For each step i’ve created a controller/Action, in each view of this 3 steps i’ve back and next button.
So when i click next simply submit the form to the next action and trigger the client side validation.
Here the problem: when i click on back button, i want to skip client side validation.
I’ve tried this method but it didn’t work:
Create a hidden field called ‘submitType’ initially filled with the value ‘send’
Declaring back button as simple button (not submit button), when i clic on back, he trigger his own onclick function, that at first set submitType value as ‘back’ and the call submit, in this way
If i substitute form.submit() whit “return true” the client side validation start and i don’t want this. I’ve tried also with “return false” and in this case nothing happens.

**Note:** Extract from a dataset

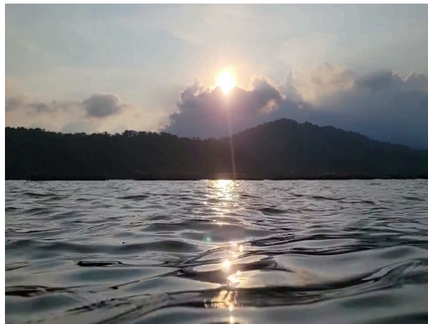
圖 1 日月潭（2022年）

日月潭是我自幼便時常造訪的觀光勝地，有別於其他景點，不論去過多少次，從不令我感到乏味。猶記得在我童稚時，對於日月潭的印象僅有藍綠色的廣袤潭水以及周圍的美食如紅茶餅與「阿嬤e古早味香菇茶葉蛋」，尤其茶葉蛋的香氣與口感更是深刻的印在我的心版上；而今，雖然親切的金盆阿嬤已然與世長辭，碧綠的潭水卻仍閃爍著波光，不禁令我感慨物是人非，我仔細端詳著粼粼水波，腦中浮現了蘇軾的《赤壁賦》，同時我心裡也漾起波瀾，便摸出手機以鏡頭攫住這美如幻境的瞬間（見圖1），開啟對日月潭更深入的探索。

Yes, you can, but first you should decide is it really needed (back link is more like a get request, no?)
If post is needed, you can use js onclick handler to create and submit a form.
If you need to post back the same form from step 2 - it’s simpler to use button instead of link. Just modify your form submit/validate handlers slightly to intercept required events and not to fall into recursion.
Yeah is exactly what i’m trying to do, but i don’t know how, can you post some pieces of code?
In the first post of this topic i’ve pasted the code that i’ve used.
I know how to intercept the request, when it’s used pure jQuery, but here, is the yiiactiveform.js that intercept all the request, and i don’t know how to modify to my purpose.